Traders work on the New York Stock Exchange floor on Sept. 9, 2024.

Spencer Platt | Getty Images

U.S. stock futures slipped Tuesday night as investors assessed the presidential debate between Republican presidential nominee Donald Trump and Vice President Kamala Harris and looked toward the August consumer inflation report due Wednesday morning.

Dow Jones Industrial Average futures fell 120 points, or 0.3%. S&P 500 futures and Nasdaq 100 futures both dipped 0.32% and 0.36% respectively.

In after-hours action, shares of GameStop dropped 10%. The video game retailer amended an open market sale agreement filed with the U.S. Securities and Exchange Commission, allowing it to sell up to 20 million additional shares of its Class A common stock.

During Tuesday’s regular trading, the S&P 500 advanced nearly 0.5% and the Nasdaq Composite climbed 0.8%, aided by a jump in Nvidia shares. It marked a back-to-back gain for the broad market benchmark and the tech-heavy index. The 30-stock Dow was the outlier, falling 0.2% as a decline in JPMorgan shares weighed on the blue-chip index.

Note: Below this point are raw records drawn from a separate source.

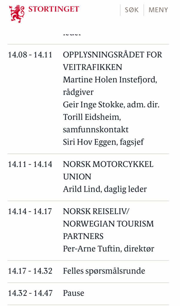 Pressemelding: Som eneste motorsykkelorganisasjon er NMCU gitt innpass i høringen om statsbudsjettet hos Transport- og kommunikasjonskomiteen på Stortinget.
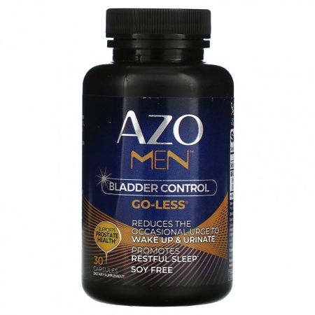 Pumpkin Seed Extract (Cucurbita pepo L.) 500 mg ** **Daily Value not established. Go-Less®Уменьшает эпизодические позывы к пробуждению & ПомочитьсяСпособствует спокойному снуНе содержит соиПоддерживает здоровье предстательной железыПищевая добавка1 капсула в деньБез наркотических веществБез глютенаБез молочных продуктовБез ГМОВас расстраивает желание пойти в туалет на всю ночь? Способность мужчины противостоять зову природы со временем может снизиться. С AZO Men ™ Bladder Control вы можете лучше контролировать свой вечер и быть более уверенными в своей жизни. Одна капсула в день поддерживает нормальную работу мышц мочевого пузыря и позволяет улучшить качество ночного сна.Меньше срочности. Больше сна: Предназначен для мужчин.Средство для контроля мочевого пузыря с Go-Less® от самого надежного бренда продуктов для здоровья мочевыводящих путей † содержит клинически изученный натуральный экстракт семян тыквы. Исследования показывают, что этот ингредиент помогает уменьшить частые позывы к мочеиспусканию, что позволяет сократить количество посещений ванной комнаты в ночное время и хорошо выспаться.† Бренд №1 среди самых надежных брендов по данным Nielsen от Total AZO от 23.01.21 и опросу Pharmacy Times за 2020 год.
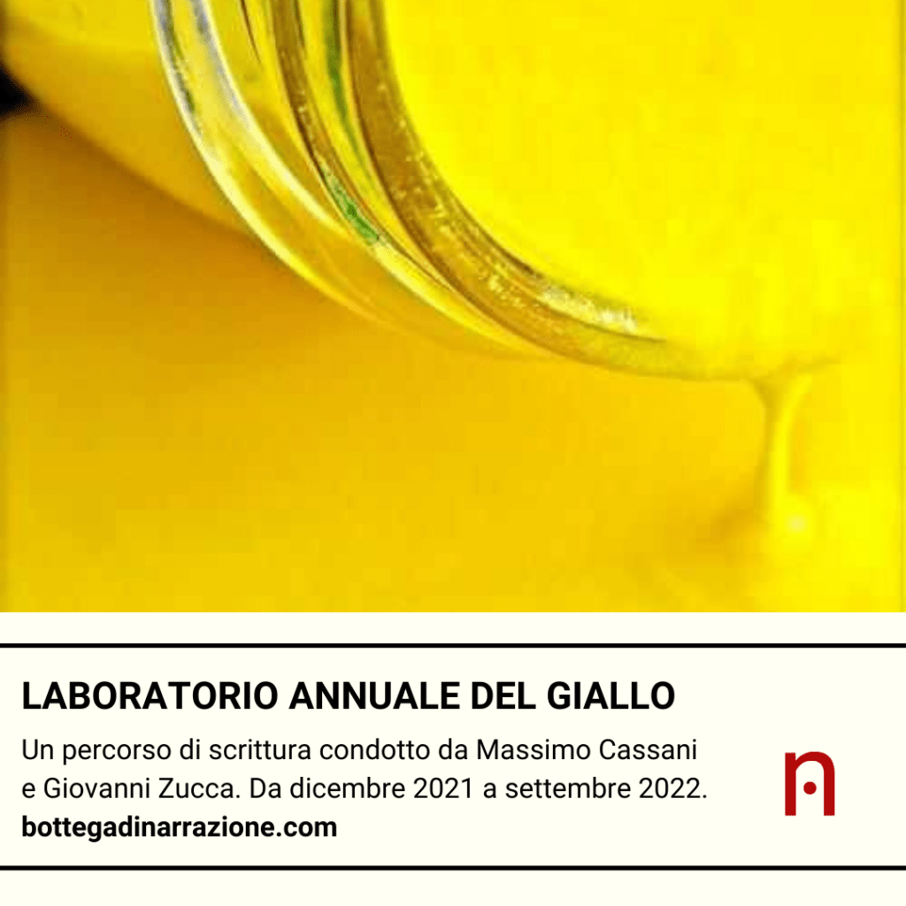 Il «Laboratorio annuale del giallo» comincia l’11 dicembre 2021. Le iscrizioni sono aperte. Chi volesse più informazioni può scrivere a bottegadinarrazione@gmail.com.
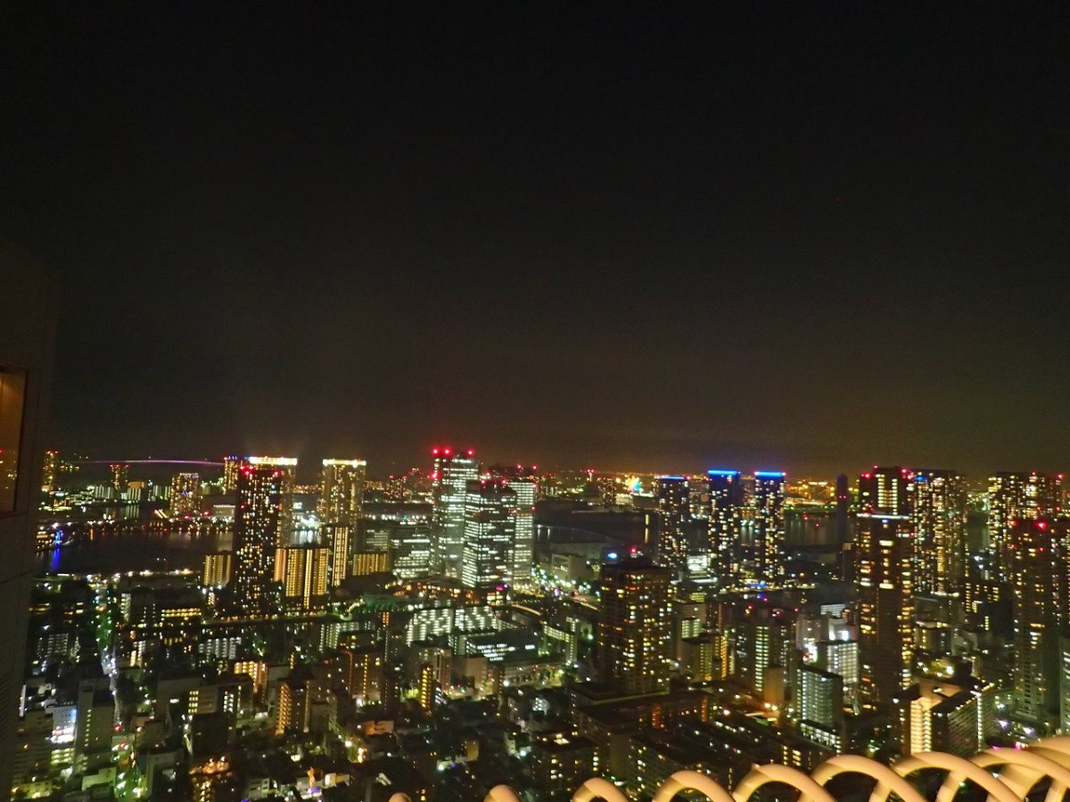 47階、地上221Mから壮大なパノラマ夜景を一望などの案内があるテラス席ですが、ぐるっと白い柵に囲まれていて、まるでケージの中にいるようで、ちょっと微妙でした。安全上の理由から仕方がないのでしょうが、座ったままでは柵に阻まれて夜景も台無しです。
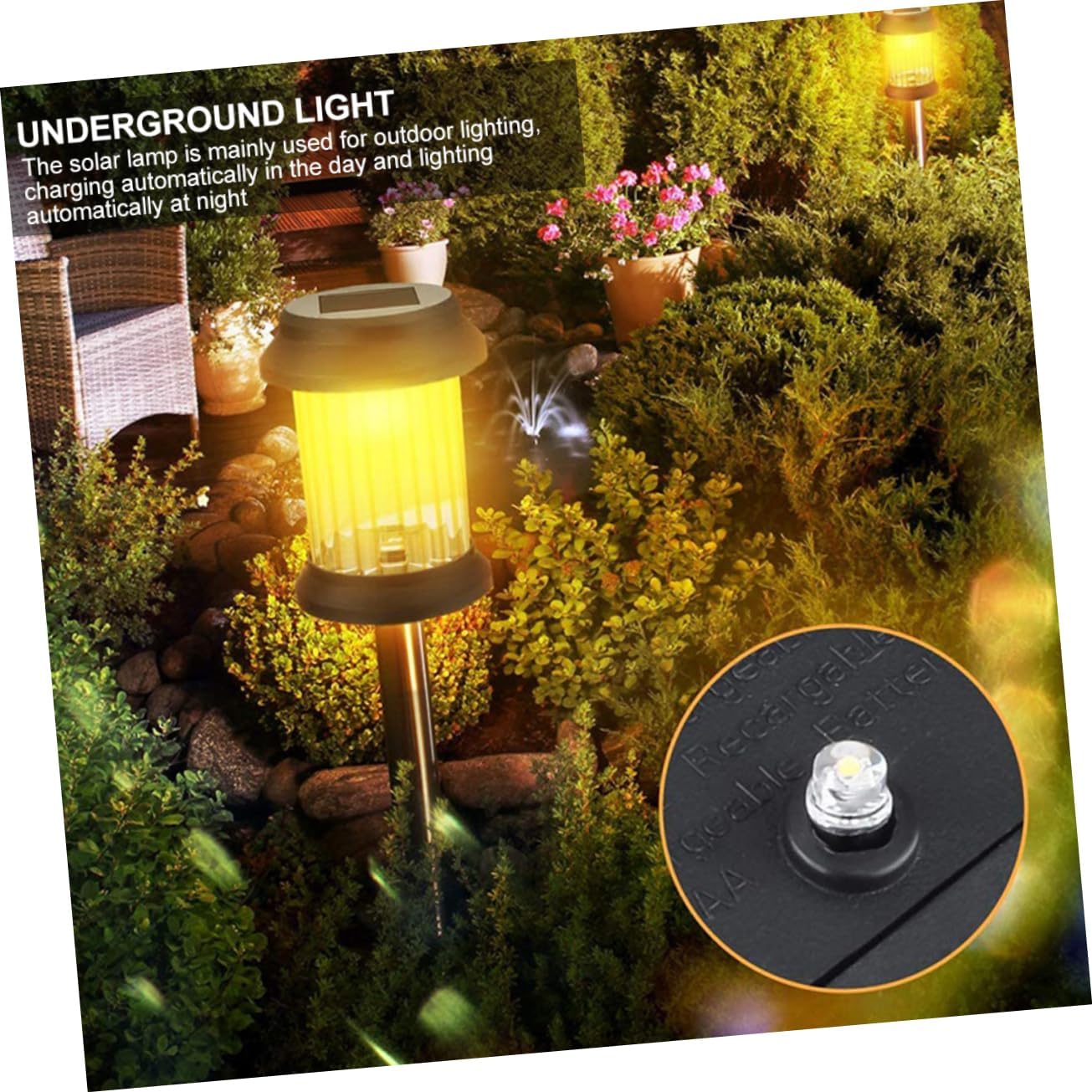 Package List 6 Features - Voltage: 1.2V Garden Light. - Color: Assorted Color Solar Lamp. - Working Time: About 8h Solar Light. - Size: About 42X10X10cm/16.51X3.93X3.93inch Outside Light. - Material: Plastic, Solar Panel, Battery Underground Light - Protection Grade: IP65 Night Light. - Creative and unique look make it more attractive, and it is in use Ground Plug Lamp. - Suitable for gardens, lawns, walkways, courtyards, yards, parks, etc. decor use Lawn Lamp. - High solar power converting ability. with low power consumption Road Light. - , it is and environmental protection Landscape Lights. - Adoption of , this product is , handy and long-time use Landscape Light.Goods InformationRoad Light for garden lighting, decorating your lawn, patio, yard and all other outdoor pursuits that would from beautiful lighting to create a wonderful and relaxed atmosphere.Ground Plug Lamp Made by material, and have more longer service life

Traders are anticipating a key economic report Wednesday morning: August’s consumer price index. Economists polled by Dow Jones expect the headline CPI to have risen 0.2% from the previous month and 2.6% from a year earlier.

The CPI report and Thursday’s producer price index could help determine the size of a widely expected rate cut at the end of the Federal Reserve’s two-day meeting on Sept. 18. Fed funds futures trading suggests a 69% chance of a 25-basis-point rate cut and a 31% likelihood of a 50-basis-point reduction, according to CME’s FedWatch Tool.

“I think what we’re going to see next week is a Fed that gives us a 25-basis-point rate cut because to give us a 50-basis-point cut will set off alarm bells and would also be an admission of guilt,” said Kristina Hooper, chief global market strategist at Invesco, on CNBC’s “Closing Bell.”

“I don’t think that the Fed keeping us at very restrictive monetary policy levels for a long time creates damage that is irreparable, but I do believe every day that we have rates at these levels the odds of a recession increase,” Hooper added.